** Opening INPUT DATA block **

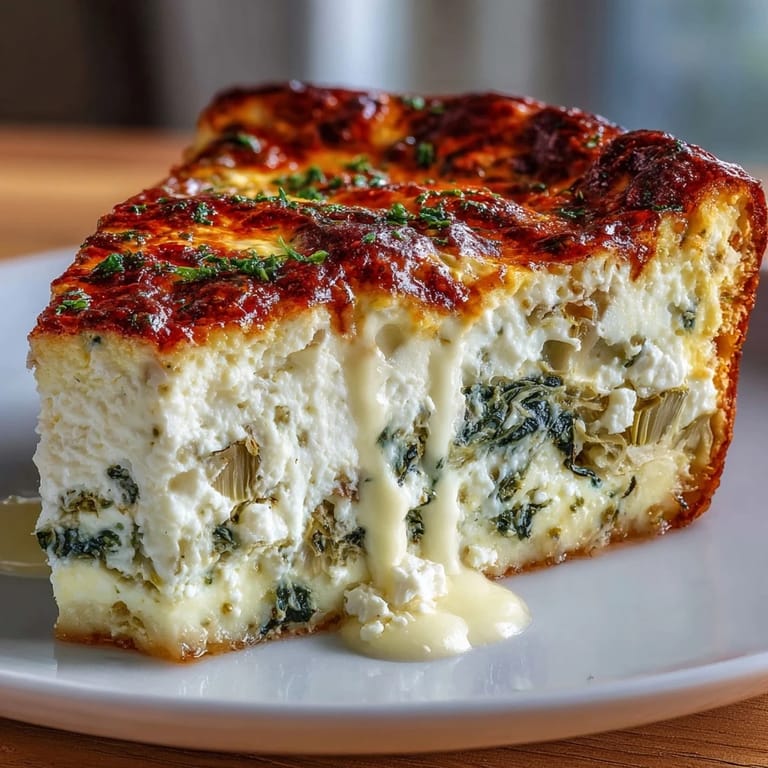 Save to Pinterest My neighbor handed me a Tupperware full of this bake one Wednesday evening when I was knee-deep in work deadlines and living off cereal. She said it reheated beautifully and kept her full for hours. I microwaved a square that night and it tasted like someone actually cared, warm and creamy with pockets of tangy feta and tender spinach. That week I asked for the recipe, and now I make it every Sunday to get through the chaos.
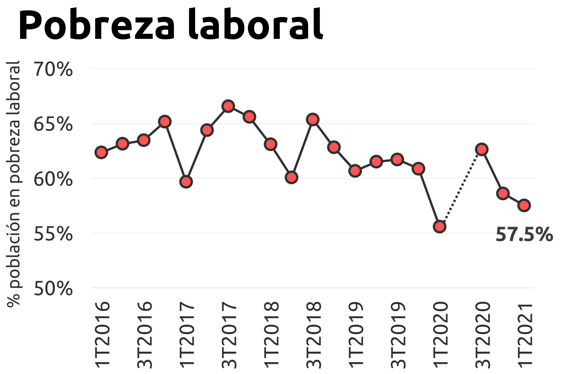 Con 57.5 % de su población en pobreza laboral (con ingresos laborales del hogar insuficientes para cubrir necesidades alimentarias mínimas), Guerrero es el 2.º estado con peor desempeño en México, y su nivel aumentó 1.9 puntos respecto al 1T2020.
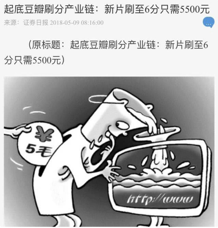 相信很多影迷、观众、电影爱好者会把豆瓣电影的评分,作为自己选择观影的“标准参考系”,尤其是在选择观看最新影片的时候,豆瓣评分显得很重要。但就在昨日(5月9日),证券日报的一篇题为《起底豆瓣刷分产业链:新片刷至6分只需5500元》的文章,让网友们炸了锅↓

** Closing INPUT DATA block **

-- TASK ITEM --
When you copy the data, keep every line exact and drop the pictures.

-- RESULT OF THE TASK --
 Save to Pinterest My neighbor handed me a Tupperware full of this bake one Wednesday evening when I was knee-deep in work deadlines and living off cereal. She said it reheated beautifully and kept her full for hours. I microwaved a square that night and it tasted like someone actually cared, warm and creamy with pockets of tangy feta and tender spinach. That week I asked for the recipe, and now I make it every Sunday to get through the chaos.
 Con 57.5 % de su población en pobreza laboral (con ingresos laborales del hogar insuficientes para cubrir necesidades alimentarias mínimas), Guerrero es el 2.º estado con peor desempeño en México, y su nivel aumentó 1.9 puntos respecto al 1T2020.
 相信很多影迷、观众、电影爱好者会把豆瓣电影的评分,作为自己选择观影的“标准参考系”,尤其是在选择观看最新影片的时候,豆瓣评分显得很重要。但就在昨日(5月9日),证券日报的一篇题为《起底豆瓣刷分产业链:新片刷至6分只需5500元》的文章,让网友们炸了锅↓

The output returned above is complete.